Here is an example of the same in 2D:
julia> function f!(F,x)
F[1]=x[1]^3+8
F[2]=x[2]^3-2
end
f! (generic function with 1 method)
julia> nlsolve(f!, [0.,0.])
Results of Nonlinear Solver Algorithm
* Algorithm: Trust-region with dogleg and autoscaling
* Starting Point: [0.0, 0.0]
* Zero: [NaN, NaN]
* Inf-norm of residuals: 8.000000
* Iterations: 1000
* Convergence: false
* |x - x'| < 0.0e+00: false
* |f(x)| < 1.0e-08: false
* Function Calls (f): 1001
* Jacobian Calls (df/dx): 2
Now let us go back to your function. If you start from [1.0] you are unlucky and nlsolve in the root finding process hits [0.0] exactly with its default parameters and you have a problem that then Jacobian is [0.0].

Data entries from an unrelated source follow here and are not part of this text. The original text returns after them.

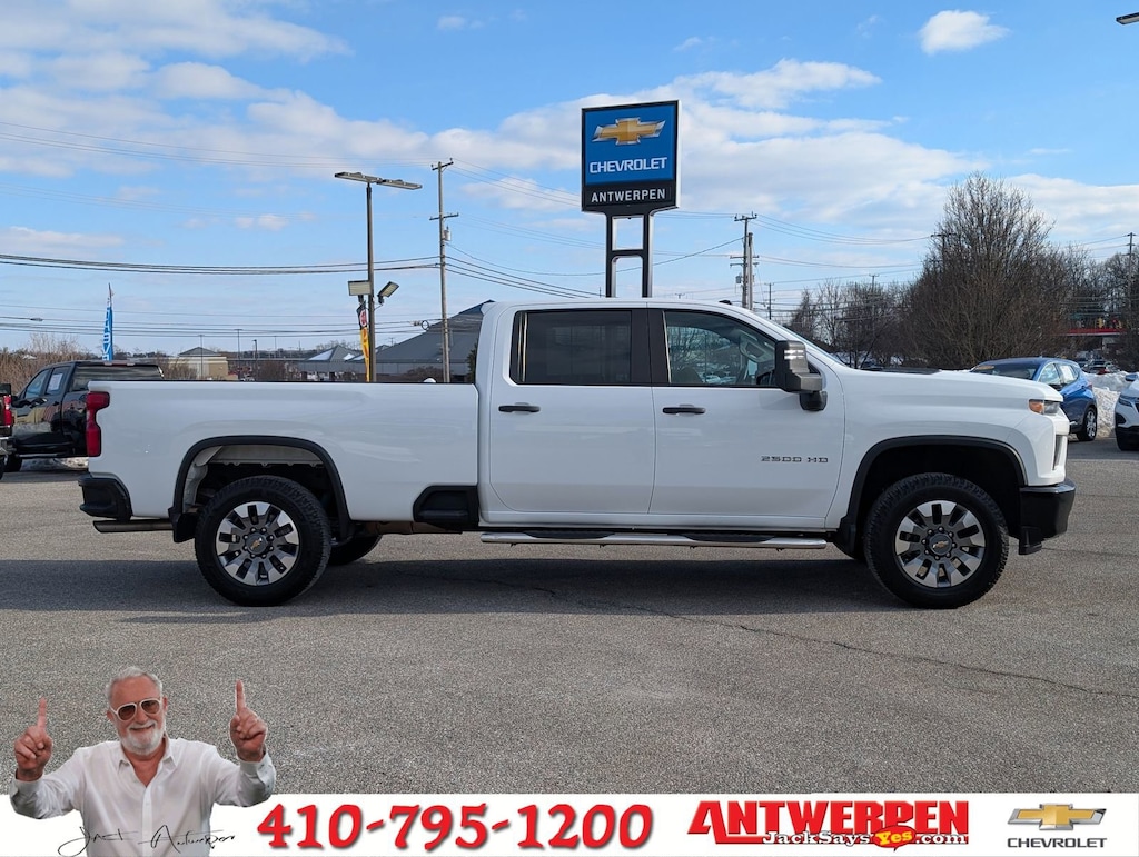 Custom Convenience Package (Electric Rear-Window Defogger, EZ Lift Power Lock & Release Tailgate, Integrated Trailer Brake Controller, LED Cargo Area Lighting, and Remote Vehicle Starter System), Infotainment Package (Chevrolet Connected Access Capable, Compass, OnStar & Chevrolet Connected Services Capable, SiriusXM Radio, and Wi-Fi Hotspot Capable), Preferred Equipment Group 1CX (170 Amp Alternator, 2-Speed Electronic Shift Transfer Case, 3.5 Diagonal Monochromatic Display DIC, Black Mirror Caps, Bluetooth® For Phone, Body Color Front Grille, Color-Keyed Carpeting Floor Covering, Deep-Tinted Glass, Electronic Cruise Control w/Set & Resume Speed, Front Rubberized Vinyl Floor Mats, Heated Vertical Trailering Mirrors, Locking Tailgate, Manual Tailgate Function w/No EZ Lift, Manual Tilt-Wheel Steering Column, Power Door Locks, Power Front Windows w/Driver Express Up/Down, Power Front Windows w/Passenger Express Down, Power Rear Windows w/Express Down, Rear 60/40 Folding Bench Seat (Folds Up), Rear Rubberized Vinyl Floor Mats, Remote Keyless Entry, and Standard Tailgate), Safety Confidence Package (4.2 Diagonal Color Display Driver Info Center, Automatic Emergency Braking, Forward Collision Alert, and Steering Wheel Audio Controls), Snow Plow Prep/Camper Package (220 Amp Alternator), Suspension Package, Chevrolet Certified Pre-Owned Certified, 6-Speed Automatic, 4WD, Black Cloth, 3.73 Rear Axle Ratio, 4-Wheel Disc Brakes, 6 Speakers, 6-Speaker Audio System, 720 Cold-Cranking Amps Heavy-Duty Battery, ABS brakes, Air Conditioning, Alloy wheels, AM/FM radio, Apple CarPlay/Android Auto, Black Chevytec Spray-On Bedliner, Brake assist, Cloth Seat Trim, Delay-off headlights, Driver door bin, Dual front impact airbags, Dual front side impact airbags, Electronic Stability Control, Front 40/20/40 Split-Bench Seats, Front anti-roll bar, Front Center Armrest w/Storage, Front reading lights, Front wheel independent suspension, Fully automatic headlights, Heated door mirrors, Illuminated entry, LED Smoked Amber Roof Marker Lamps, Low tire pressure warning, Occupant sensing airbag, Outside temperature display, Overhead airbag, Overhead console, Panic alarm, Passenger door bin, Passenger vanity mirror, Power door mirrors, Power steering, Power windows, Premium audio system: Chevrolet Infotainment 3, Radio: Chevrolet Infotainment 3 System, Rear reading lights, Rear step bumper, Remote keyless entry, Speed control, Split folding rear seat, Tachometer, Tilt steering wheel, Traction control, Trip computer, Turn signal indicator mirrors, Upfitter Switch Kit (5), Variably intermittent wipers, Voltmeter, and Wheels: 20 10-Spoke Machined Aluminum.
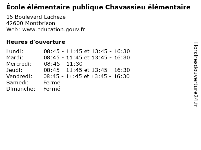| Lundi | 08:45-11:45 et 13:45-16:30 |
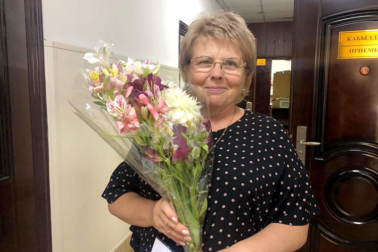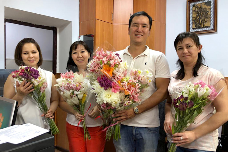 Ранее букеты Евгений Николаев вручил сотрудницам Бишкекводоканала.
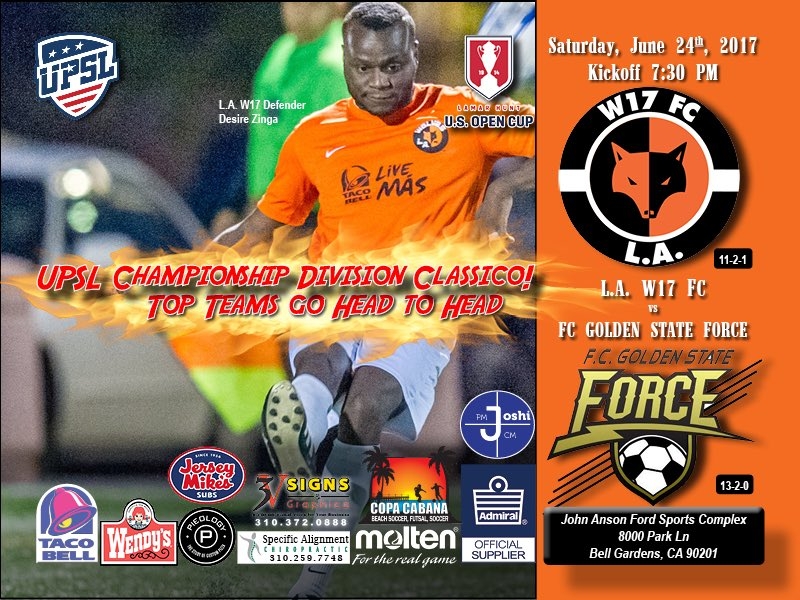 L.A. W17 FC (11-2-1 overall) last defeated OC Crew, 3-2, in a UPSL Championship Division Western Conference game on Sunday, June 18.
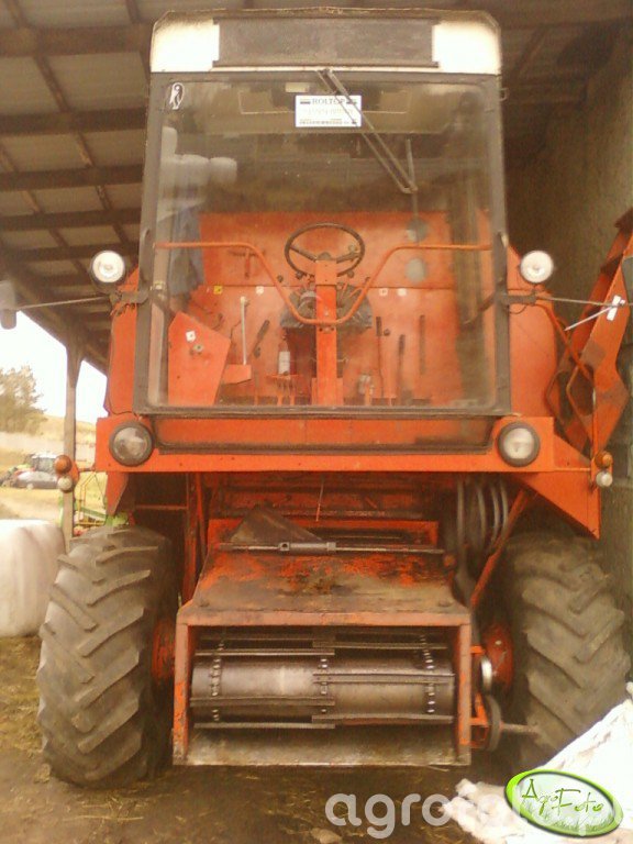 Kombajn Bizon Rekord Z058 sfotografowany w przestrzeni do przechowywania na placu gospodarstwa. Maszyna charakteryzuje się typową dla serii Bizon czerwoną kolorystyką i masywną konstrukcją. Wyposażony w Perkinsa silnik o mocy 120 KM, zapewniając wydajność potrzebną do prac żniwnych. Kombajn posiada tradycyjny system omłotowy z bębnem młócącym o szerokości 1,62 m. Pojemność zbiornika na ziarno wynosząca 3 300 litrów umożliwia pracę bez częstych przerw na rozładunek. Bizon Rekord Z058, znany z efektywnego koszenia zbóż, idealnie sprawdza się na średniej wielkości gospodarstwach rolnych, umożliwiając skuteczną eksploatację w sezonie żniw.
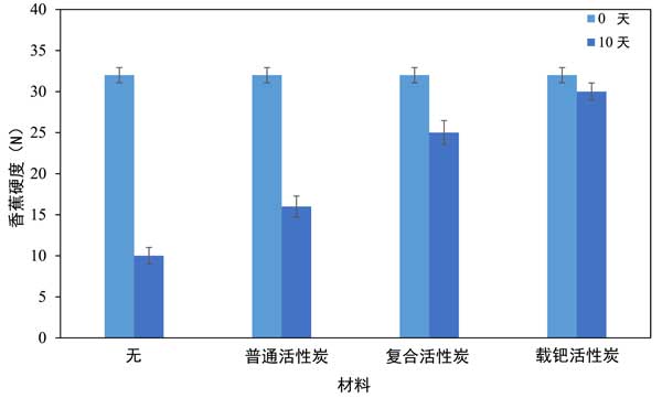 图2:活性炭材料对香蕉贮藏10天后硬度变化的影响。

You can see it by running:
julia> function f!(F,x)
F[1]=x[1]^3+8
end
f! (generic function with 1 method)
julia> nlsolve(f!, [1.], show_trace=true, extended_trace=true, iterations=3);
Iter f(x) inf-norm Step 2-norm
------ -------------- --------------
0 9.000000e+00 NaN
* f(x): [9.0]
* g(x): [3.0]
* x: [1.0]
* delta: NaN
* rho: NaN
1 8.000000e+00 1.000000e+00
* f(x): [8.0]
* g(x): [0.0]
* x: [0.0]
* delta: 2.9999999999239875
* rho: 0.3777777777854353
2 NaN NaN
* f(x): [NaN]
* g(x): [0.0]
* x: [NaN]
* delta: 2.9999999999239875
* rho: NaN
3 NaN NaN
* f(x): [NaN]
* g(x): [0.0]
* x: [NaN]
* delta: 2.9999999999239875
* rho: NaN
You can fix it by changing a starting point or by changing factor:
julia> nlsolve(f!, [10.])
Results of Nonlinear Solver Algorithm
* Algorithm: Trust-region with dogleg and autoscaling
* Starting Point: [10.0]
* Zero: [-2.0]
* Inf-norm of residuals: 0.000000
* Iterations: 18
* Convergence: true
* |x - x'| < 0.0e+00: false
* |f(x)| < 1.0e-08: true
* Function Calls (f): 17
* Jacobian Calls (df/dx): 11
julia> nlsolve(f!, [1.], factor=0.5)
Results of Nonlinear Solver Algorithm
* Algorithm: Trust-region with dogleg and autoscaling
* Starting Point: [1.0]
* Zero: [-2.0]
* Inf-norm of residuals: 0.000000
* Iterations: 7
* Convergence: true
* |x - x'| < 0.0e+00: false
* |f(x)| < 1.0e-08: true
* Function Calls (f): 8
* Jacobian Calls (df/dx): 8
Also - as Chris suggests - Roots.jl has methods that are more robust because you have derivative free methods in it.
It's fine, but Roots.jl is probably better suited for this kind of equation. Its methods are directly for 1-dimensional rootfinding problems and can be more robust.